**DIRECTIONS FOR THIS TASK**
Could you repeat the data word for word while skipping the pictures?

**SUPPLIED DATA**
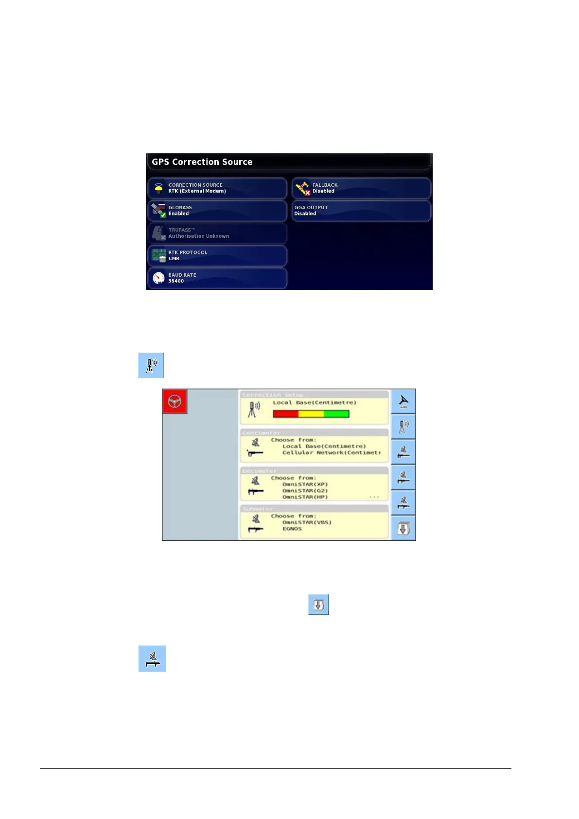 2. Select the correction source that will be used for operation in the
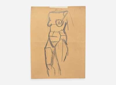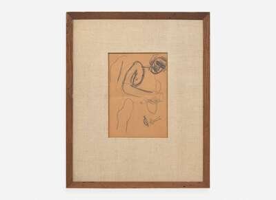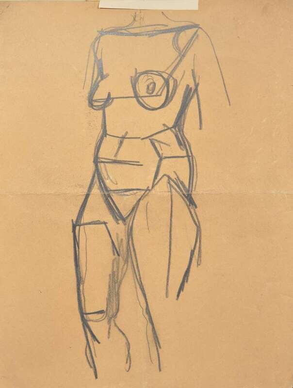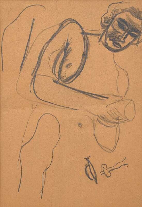Inscribed verso ‘Self Portrait/from a photo of 1911/painting 1926-29/Whitney Museum (artist and his mother)', pencil on paper
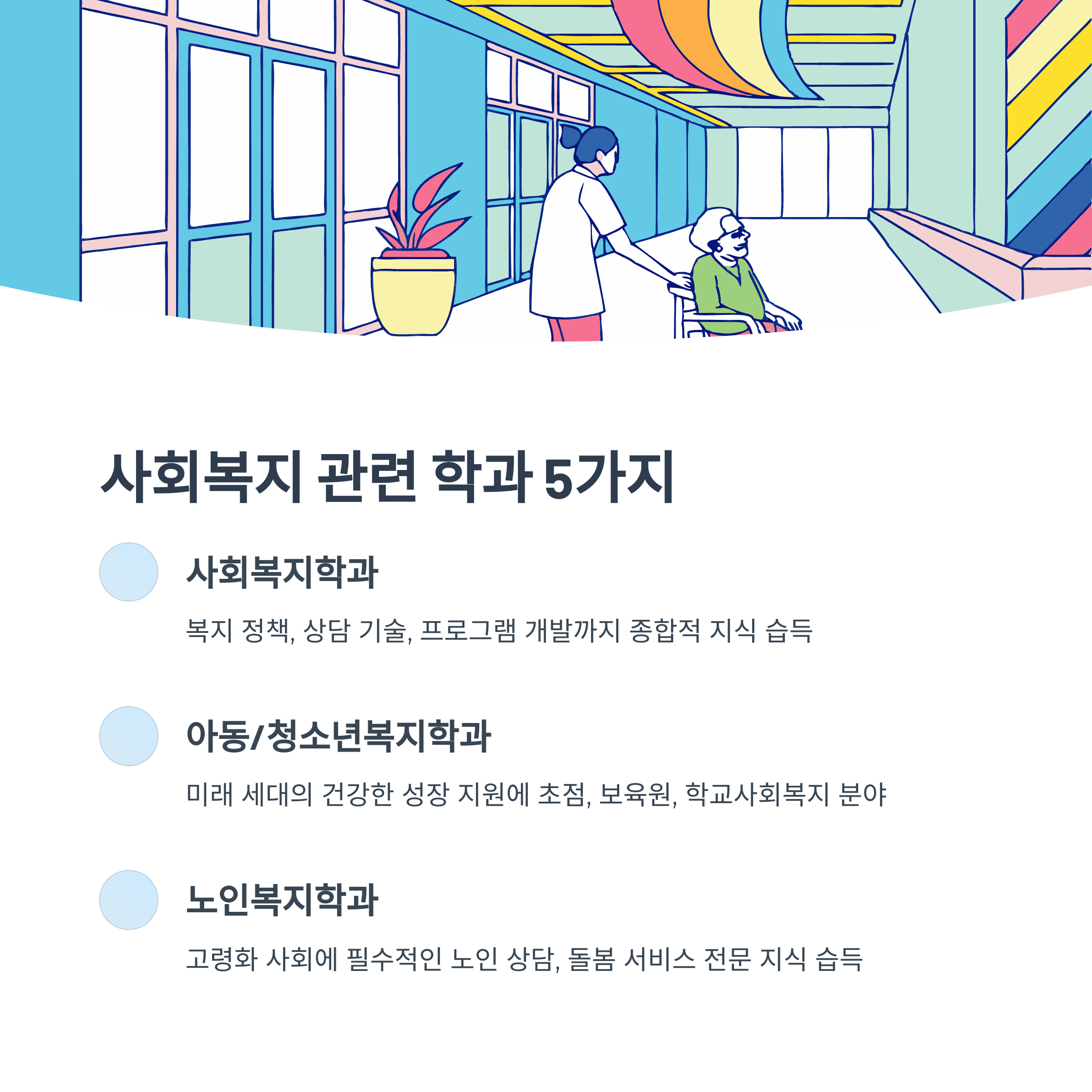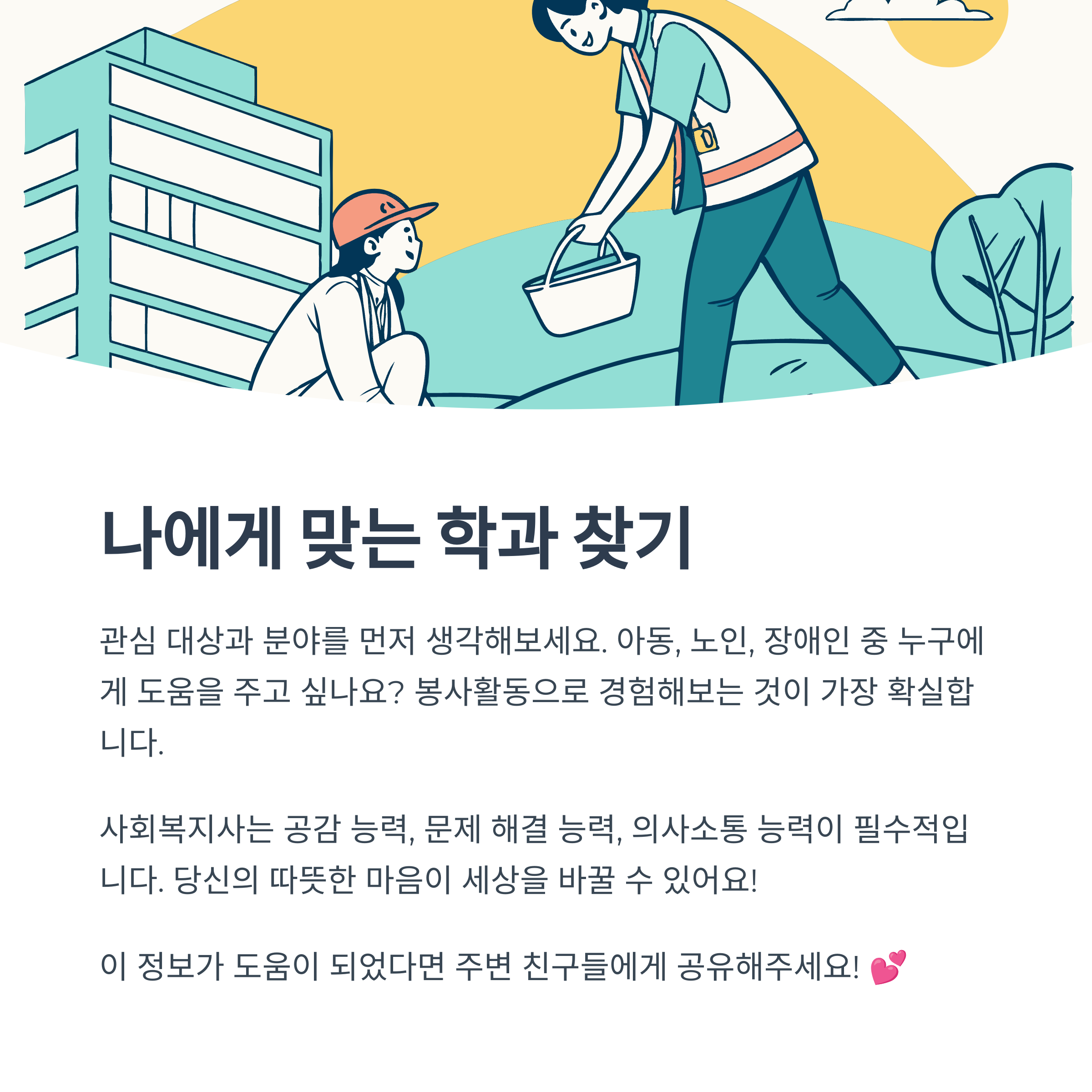 사회복지사의 길을 걷고자 하는 여러분을 위해, 사회복지 관련 학과 선택부터 필요한 역량까지 핵심 내용을 요약해 봤어요!

**ANSWER AREA**
 2. Select the correction source that will be used for operation in the
Inscribed verso ‘Self Portrait/from a photo of 1911/painting 1926-29/Whitney Museum (artist and his mother)', pencil on paper
 사회복지사의 길을 걷고자 하는 여러분을 위해, 사회복지 관련 학과 선택부터 필요한 역량까지 핵심 내용을 요약해 봤어요!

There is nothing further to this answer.